Vanderheide's STi was given the grip mission statement during its time at Robispec in Apple Valley, California. Owner Robert Fuller is notorious for his brass-balled antics on track, and also for his ability to set a car up to withstand such punishment with ease.
Fuller uses a special blend of KW Variant 3 coilovers (he calls them Robispec Clubsports), which employ unique high-speed damping on 2mm larger pistons, for better damping control. He couples these with custom spring rates (7kg/mm up front and 8kg/mm in the rear). The coilovers are designed to work with Whiteline Automotive 27mm anti-roll bars front and rear. The fronts are two-way adjustable and the rears have three settings. Whiteline endlinks are used front and rear.
Whiteline is also contracted for its competition anti-lift kit and Max-C camber plates, which also add two degrees of caster. In the rear, Whiteline lateral and toe links are used in conjunction with Whiteline toe lock bolts. These replace the eccentric bolts with non-eccentric types, and can be used because the new arms are completely adjustable.

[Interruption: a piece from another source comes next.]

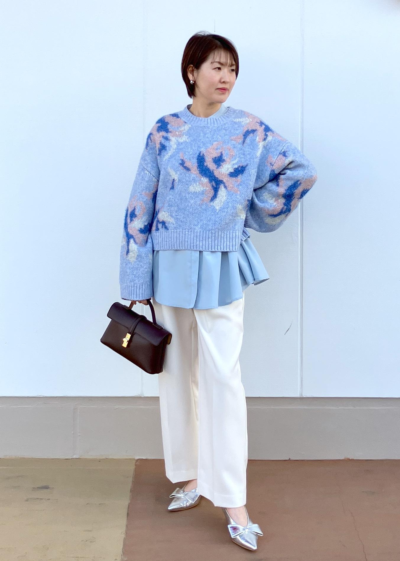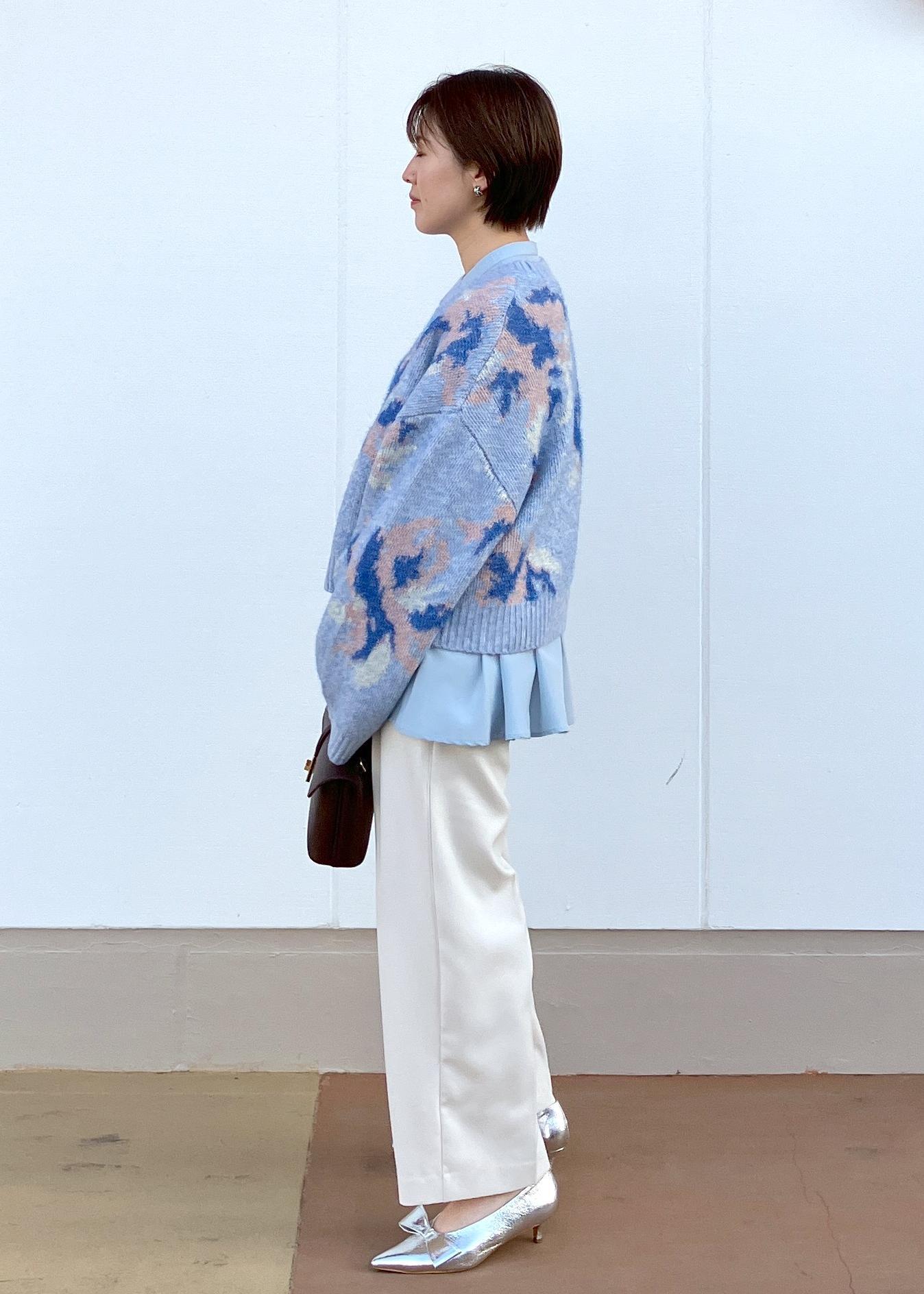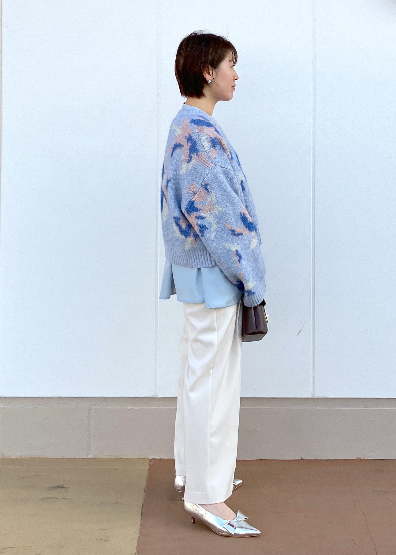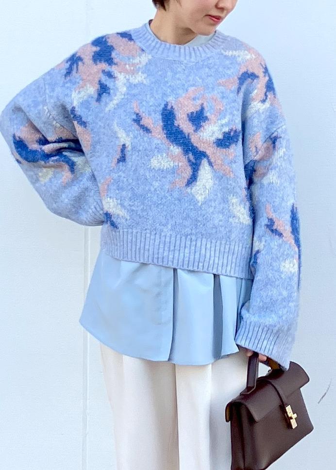 アウトレットVISフラワージャガードニットプルオーバーブルー系 / F¥2,636レビューフラワージャガードで華やかさ漂うゆるりとしたシルエットのニットです!ゆったりとしたシルエットでウエスト丈なのでボトムス合わせがしやすいです!花柄ですがぼかしのある柔らかな雰囲気で甘くなりすぎません!1枚着もしていただけます!

With a suspension stiff enough to be fitted to the back of a dump truck, the chassis would flex like a pretzel were it not for the addition of an Autopower six-point rollcage and DC Sports titanium strut tower braces front and rear.
In the cockpit, it's a neck workout just to keep your head upright as the car is flung from corner to corner. Powering out of corners with four sticky tires and all-wheel drive really highlights how much grip the drift car doesn't have. Despite having stock gear ratios, the car feels like it has a shorter final drive when Vanderheide bangs through the gearbox. The increased grip at times allows an additional shift by the end of the straightaways.
The sticky rubber means Vanderheide can brake a lot later than Verdier in the street-tire shod drift car. In the braking zones at the end of sections three and five, I find myself dangling from the seatbelt. A post-ride inspection reveals DBA 5000 slotted two-piece rotors and Hawk Blue brake pads.
Like the drift car, Vanderheide's car leaps over the pavement undulation in the middle of section five. Landing is timed perfectly with an upshift, which causes a two-foot flame to spit from the APS three-inch turbo-back exhaust. The eagerness with which the car accelerates after it's found a gear makes it hard to believe there's a stock turbo under the hood.